### Data segment
══════════════════════════════

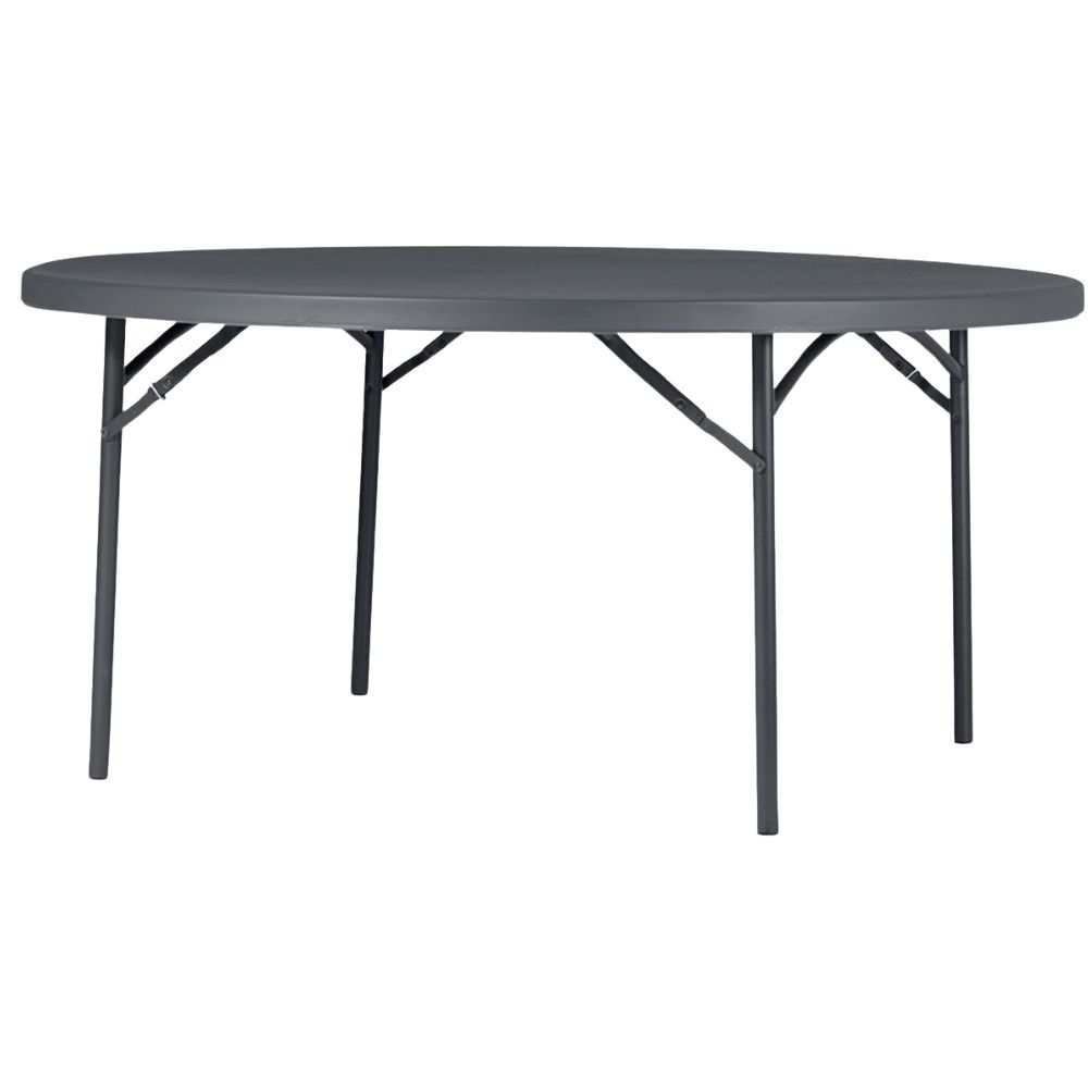 Mesa plegable redonda de Ø152 cm, con sobre en polietileno de alta densidad y estructura de acero. Capacidad para 8 comensales, ideal para eventos y hostelería.
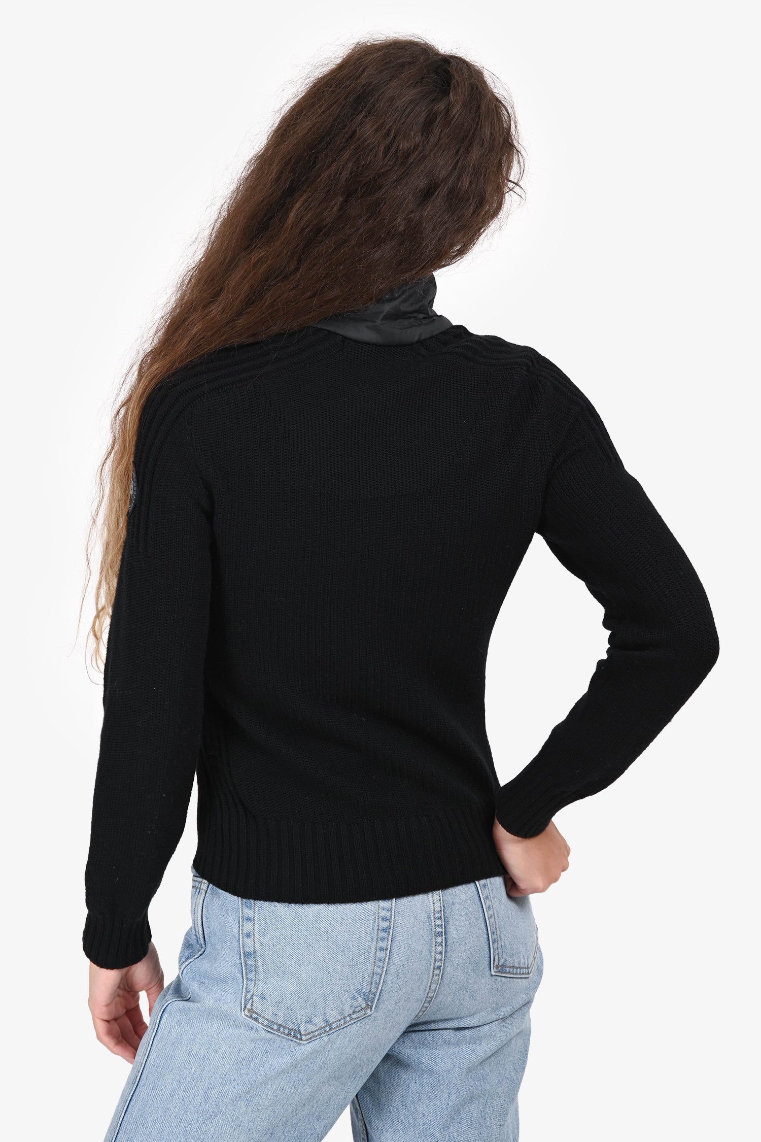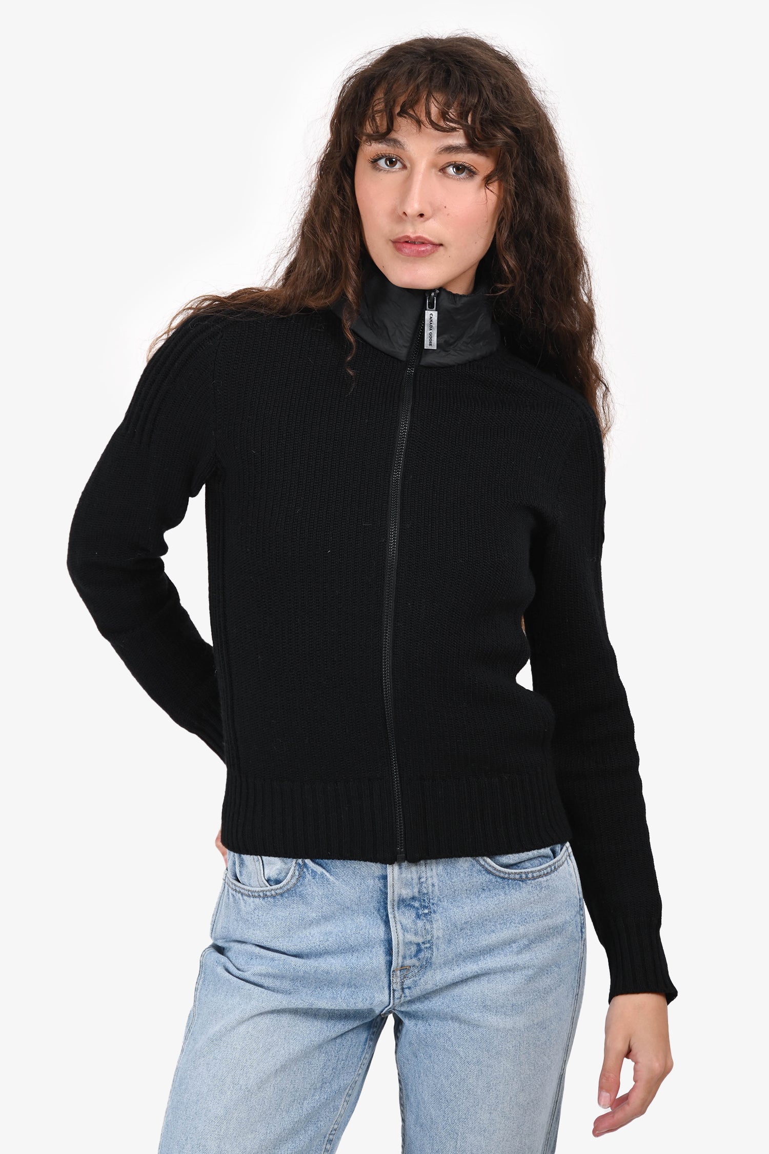 Refresh availabilityCanada Goose Black Wool Zip-Up Cardigan. Slip-on. Front zip closure. Raised collar. Brand logo patch on the left sleeve. Ribbed cuffs and hem. Tonal stitching.
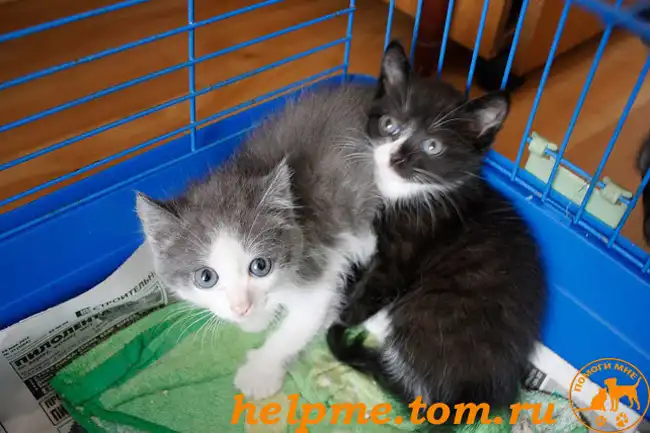 В подвале рынка была найдена кошка с тремя которебёнками (одного пристроили сразу). Котейки явно были домашние, чистенькие, упитанные, в лоток пошли сразу. Чёрненькая - девочка, игривая и беззаботная. Белый с серым - мальчик, более серьёзный, на взрослых кошек пытается строжиться)))
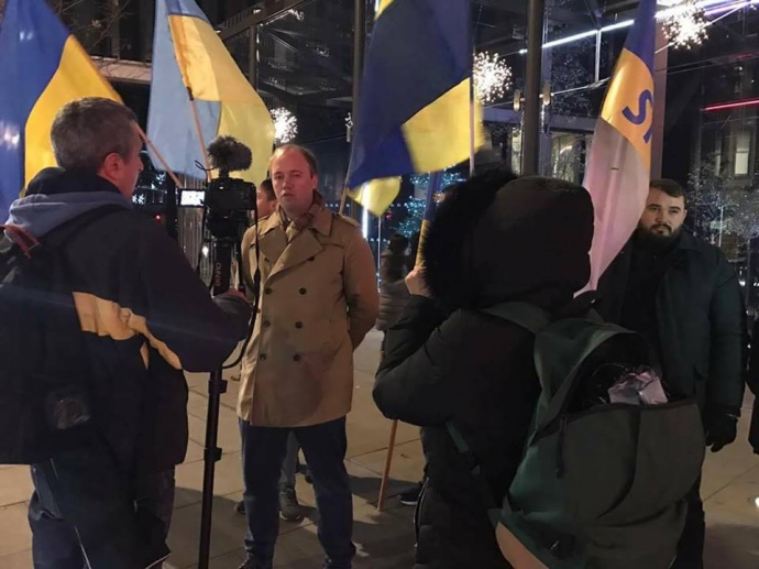 Активисты общественного движения "Лондон Евромайдан" пикетировали помещение олигарха Рината Ахметова в Лондоне.

══════════════════════════════

### Required work
In full and without changes, repeat the listing above, but not its pictures.

### Solution to the exercise
 Mesa plegable redonda de Ø152 cm, con sobre en polietileno de alta densidad y estructura de acero. Capacidad para 8 comensales, ideal para eventos y hostelería.
 Refresh availabilityCanada Goose Black Wool Zip-Up Cardigan. Slip-on. Front zip closure. Raised collar. Brand logo patch on the left sleeve. Ribbed cuffs and hem. Tonal stitching.
 В подвале рынка была найдена кошка с тремя которебёнками (одного пристроили сразу). Котейки явно были домашние, чистенькие, упитанные, в лоток пошли сразу. Чёрненькая - девочка, игривая и беззаботная. Белый с серым - мальчик, более серьёзный, на взрослых кошек пытается строжиться)))
 Активисты общественного движения "Лондон Евромайдан" пикетировали помещение олигарха Рината Ахметова в Лондоне.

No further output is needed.